A large, multi-center randomized controlled trial documented a 33 percent reduction in preterm birth for women in Centering groups conducted in two public clinics. The benefit was pronounced among African American women, who experienced a 41 percent reduction in preterm birth (10 percent vs. 16 percent). Other outcomes include improvement in breastfeeding rates, satisfaction with care, return for postpartum visits, and pregnancy spacing.

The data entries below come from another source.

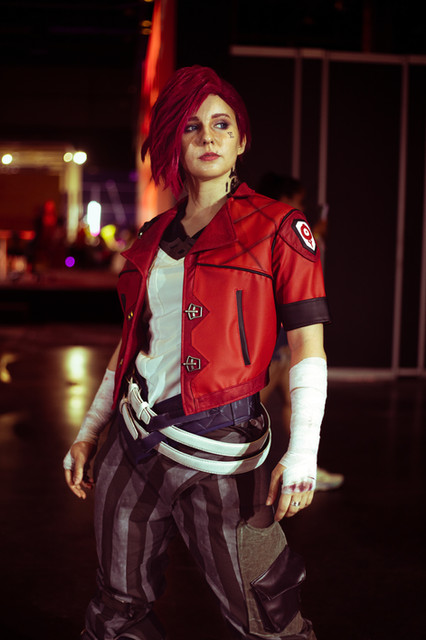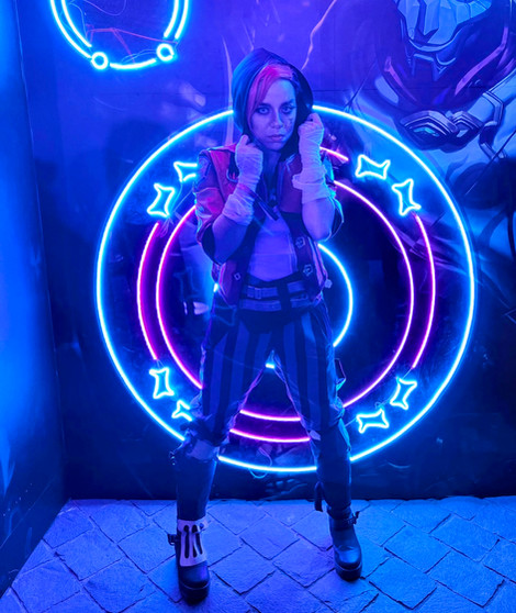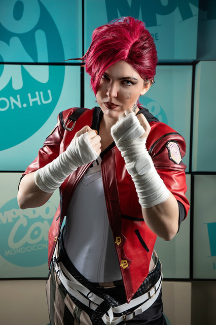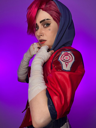 Violet , mejor conocida como Vi , de niña fue una criminal de las calles mezquinas de Zaun, era una chica exaltada, impulsiva y terrible con un respeto muy vago por las figuras de autoridad. Al crecer casi sola con su hermana, sus amigos Milo, Claggor y Vander como figura paterna, Vi desarrolló instintos de supervivencia, liderazgo y responsabilidad, así como un sentido del humor perversamente abrasivo. Años después estaría encerrada en la prisión Stillwater, saliendo por consentimiento de Caitlyn a buscar información de Silco, motivada por volver a ver a su hermana.Cosplayer: www.instagram.com/greciacosplay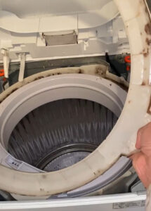 洗濯槽が穴がないので、内側にカビが入ってこないというメリットがありますが、その代わり外側の黒カビは一般の方が掃除するのはとても困難で、プロ業者に頼むしかありません。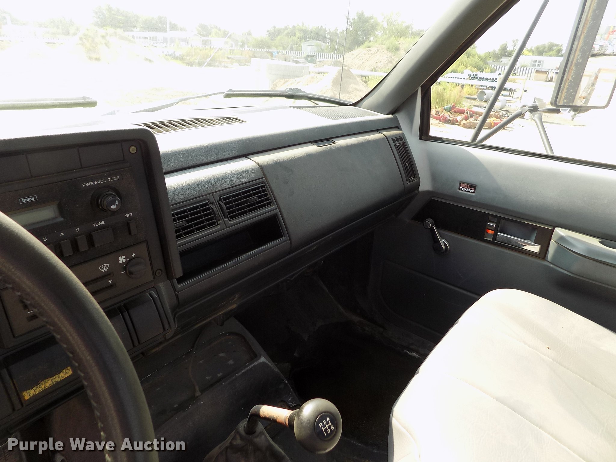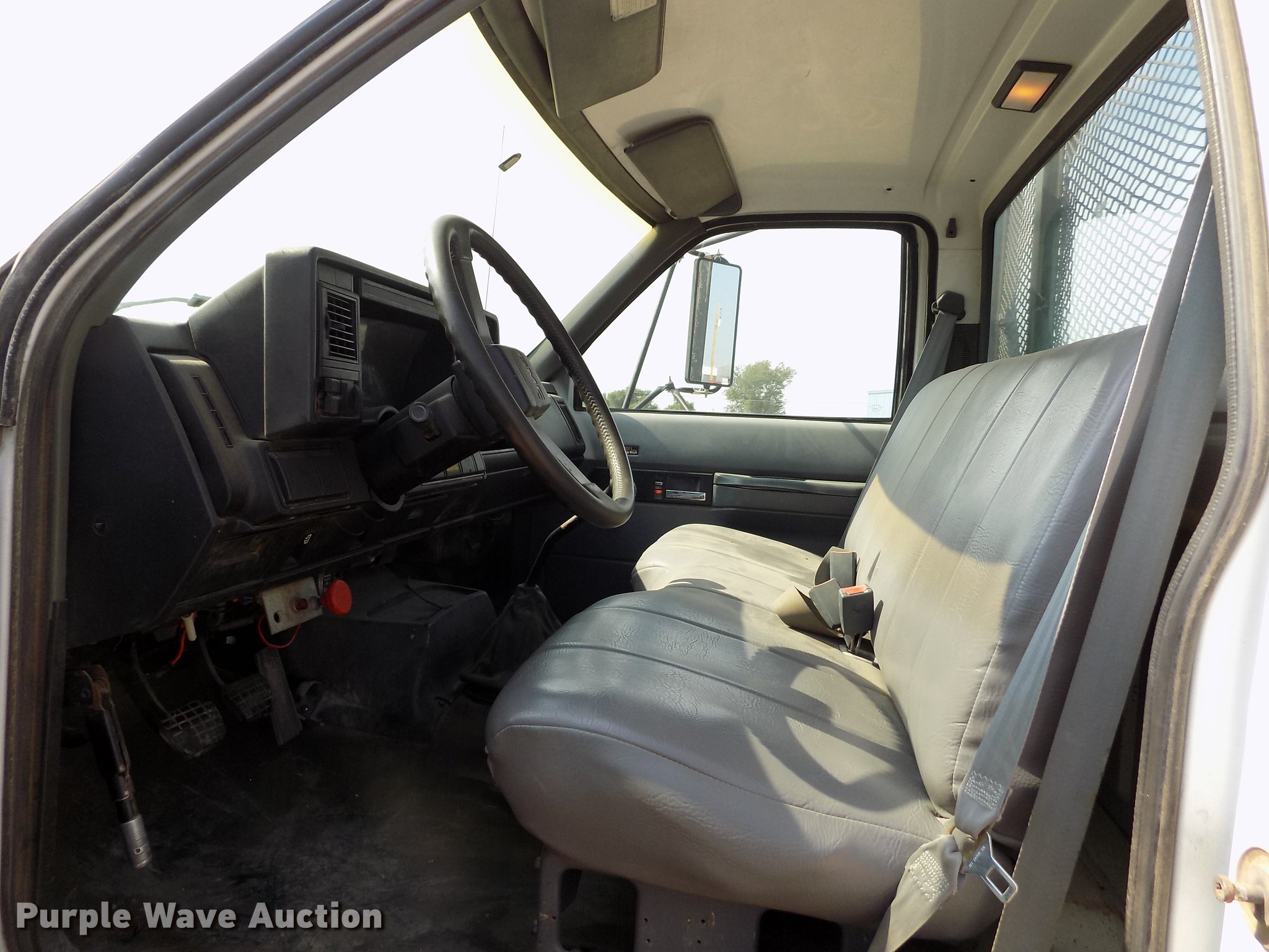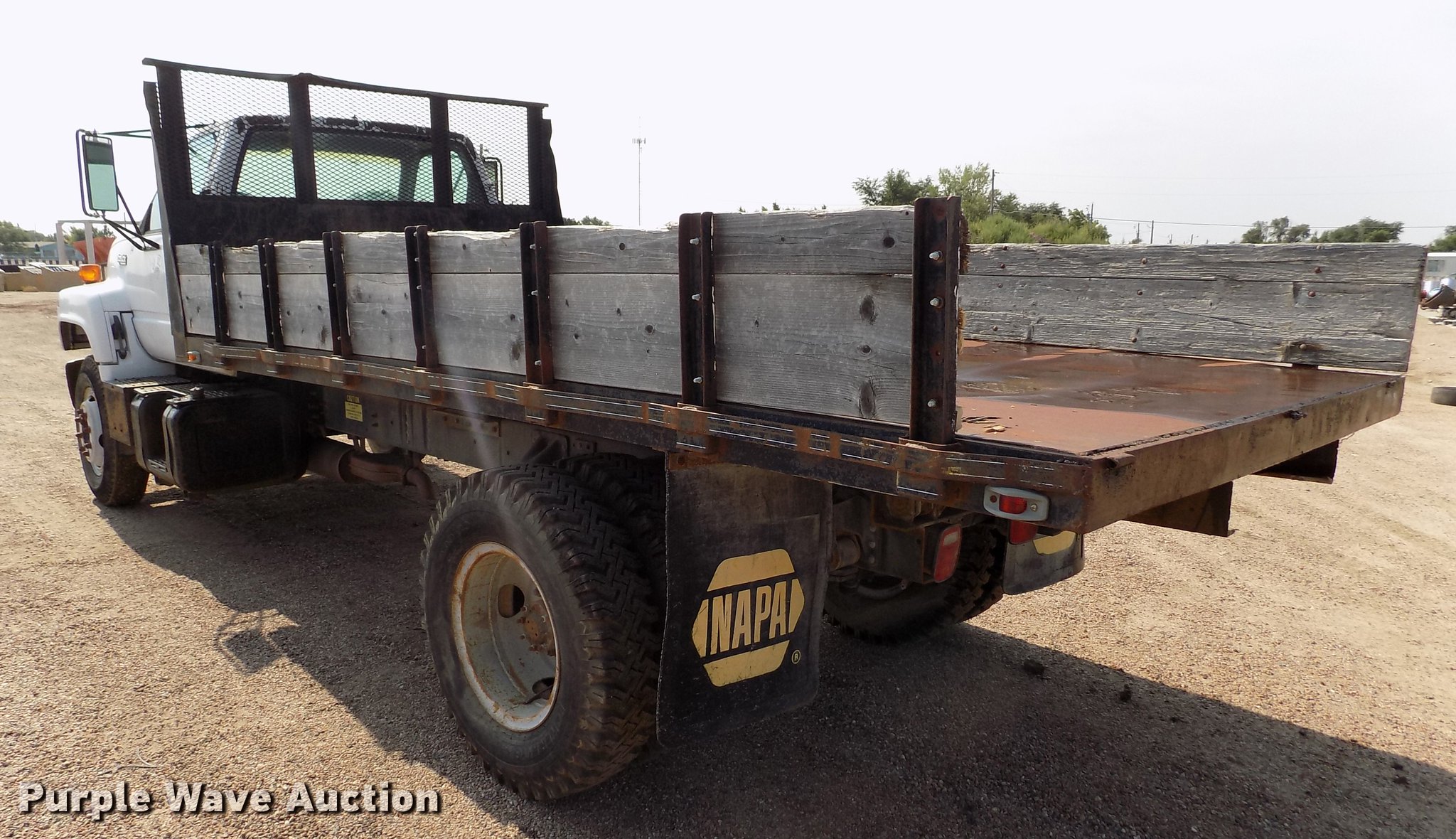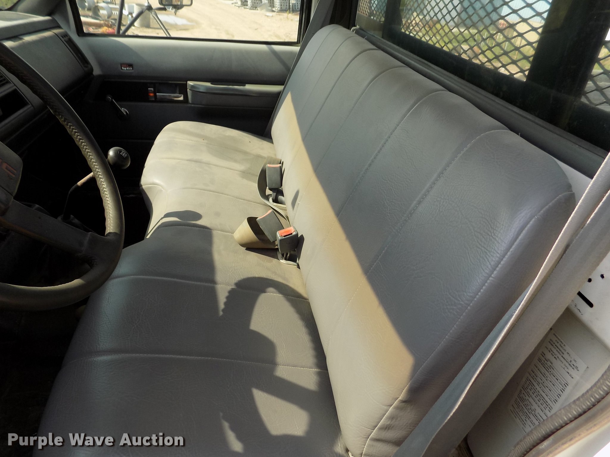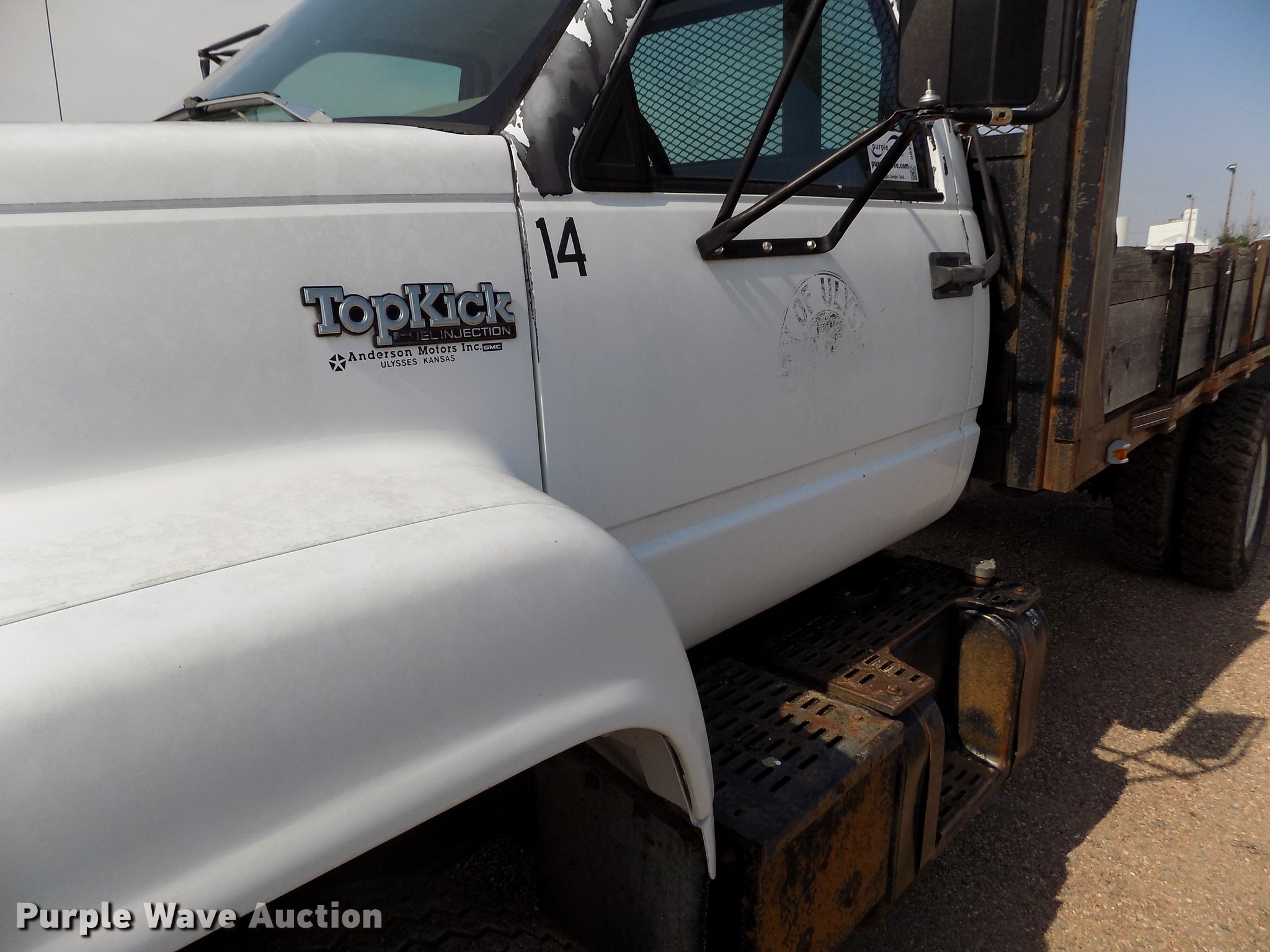 Purple Wave is selling a used Construction Dump Truck in Kansas. This item is a 1993 GMC TopKick dump truck with the following: 64,481 miles on odometer, 6.0L V8 gas engine, Five speed manual transmission, Steerable lift axle, Heat, AM/FM, PTO, 15.5'L x 92"W steel dump bed, 17" side board height, Single ram hoist, Single fuel tank, Spring suspension, Hydraulic brakes, 9.00-20 tires, GVWR 22,300 lbs, FAWR 8,100 lbs, RAWR 14,200 lbs, Windshield cracked, Hydraulic pump weak, Will not lift loaded bed

Many of us who come to birth advocacy through positive, empowering experiences, treasure the prenatal care we received. For those of us who had home births, hour-long (or longer) appointments are the norm, and it's time spent forming meaningful relationships based on mutual trust and shared responsibility with our midwives. My own midwives for my first pregnancy spent time to help me problem-solve and plan so I could improve my nutrition, avoid overexhaustion at work, and prepare for birth and motherhood. They checked in with me often to make sure I had adequate support from my partner, my family, and my community. I could ask questions not just about my back soreness or fatigue, but the big questions like “What do people mean when they say having a baby changes everything?” and “How will I be able to go back to work and still nurse and mother my child the way I want to?” and my midwives shared their wisdom from their own journeys as mothers and from the thousands of families they collectively had cared for before me. I made informed decisions with their guidance, and I entered labor feeling confident in my body, my choices, and my care providers.